Dataset entries =>

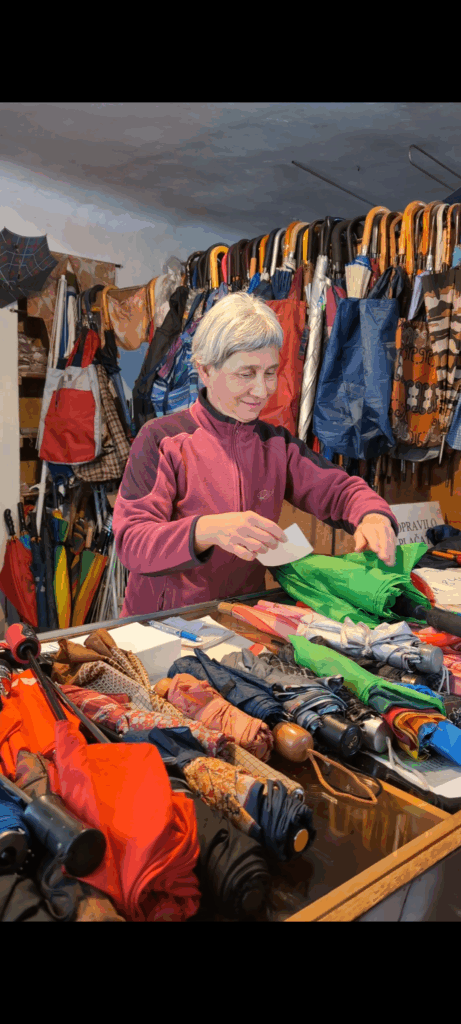 Elle appartient à Marija, l’une des dernières réparatrices de parapluies d’Europe. Comme elle est propriétaire de son local, elle peut se permettre de pratiquer des tarifs modestes.
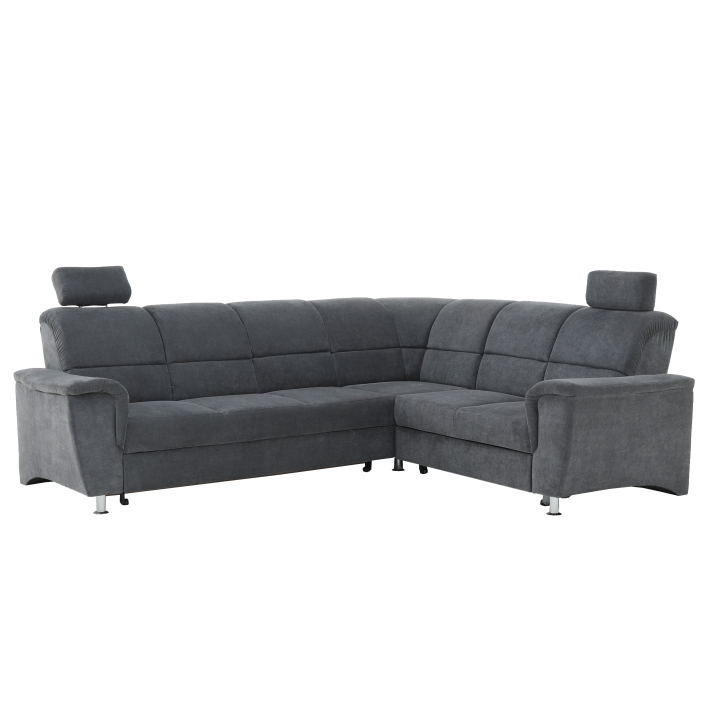 Kárpitozott, kinyitható ülőgarnitúra, jobbos, SANTIAGO Anyag: szövet színváltozat: Matrix 17 szürke krómozott fémlábak. Állítható fejtámlák.
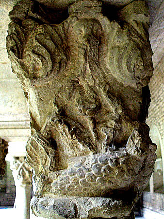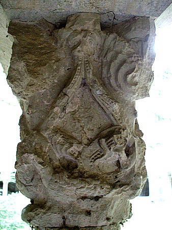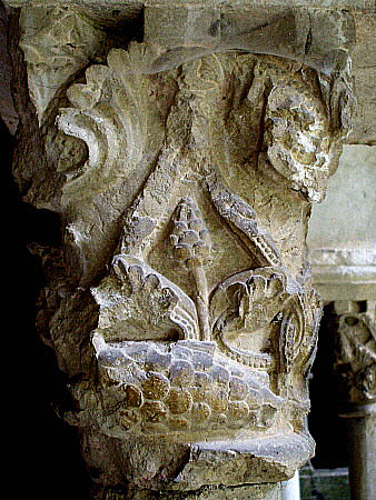 Capitell nº 32Capitell decorat amb elements vegetals que sorgeixen del cap d'un animal fantàstic, amb tres sirenes-peix a la part baixa. La quarta cara no mostrada a les fotografies presenta un alt grau de desgast. ![]()
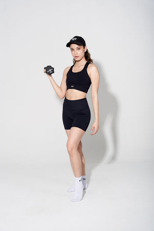 Biker con tecnología Seamless tiro alto, diseño moderno que moldea la figura, con la suavidad y comodidad de nuestros hilos. Modelo usando talla Xs-S.
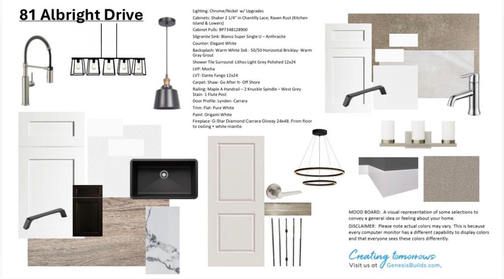 Welcome to 81 Albright Drive, presented by Genesis Builder Group, scheduled for completion in March 2026. Offering over 1900 sq ft of beautifully designed space with 3 bedrooms, 2.5 bathrooms, on a desirable lot backing onto a walking path. Stepping inside to 9’ ceilings, luxury vinyl plank flooring that spans the open concept main floor. The spacious kitchen is equipped with stainless steel appliances and a central island with an adjacent dining room, making it ideal for entertaining guests or enjoying family meals. The living room, with its inviting focal-point fireplace, is a space to unwind, and it seamlessly flows into your outdoor space, where a completed deck off the living area provides a perfect spot for outdoor relaxation. A convenient powder room completes the main level. Upstairs, a central bonus room offers separation from the primary suite and additional bedrooms. The primary bedroom boasts an ensuite bathroom with dual sinks, a soaker tub, a separate shower and a spacious walk-in closet, offering a private retreat. Two further bedrooms are generously sized, featuring their own walk-in closets and are complemented by a four-piece bathroom and an upstairs laundry for added convenience. The basement offers 9’ ceilings and is unspoiled, waiting for your design ideas. Located in the vibrant community of Harmony, residents enjoy a wealth of amenities and outdoor recreational opportunities. The community features scenic walking trails, parks, and access to various recreational facilities, fostering an active and connected lifestyle. With its excellent location, Harmony offers easy access to shopping, dining, and entertainment, making it an ideal place to settle down or invest in your future. Don’t miss the opportunity to own a brand new home in this thriving community. *RMS has been converted from the builder\'s blueprints, and taxes are to be assessed.

Your goal => Write out exactly the lines above, from the very first through the line containing "Capitell nº 32Capitell", both kept, with the pictures removed.

Result of this exercise =>
 Elle appartient à Marija, l’une des dernières réparatrices de parapluies d’Europe. Comme elle est propriétaire de son local, elle peut se permettre de pratiquer des tarifs modestes.
 Kárpitozott, kinyitható ülőgarnitúra, jobbos, SANTIAGO Anyag: szövet színváltozat: Matrix 17 szürke krómozott fémlábak. Állítható fejtámlák.
 Capitell nº 32Capitell decorat amb elements vegetals que sorgeixen del cap d'un animal fantàstic, amb tres sirenes-peix a la part baixa. La quarta cara no mostrada a les fotografies presenta un alt grau de desgast. ![]()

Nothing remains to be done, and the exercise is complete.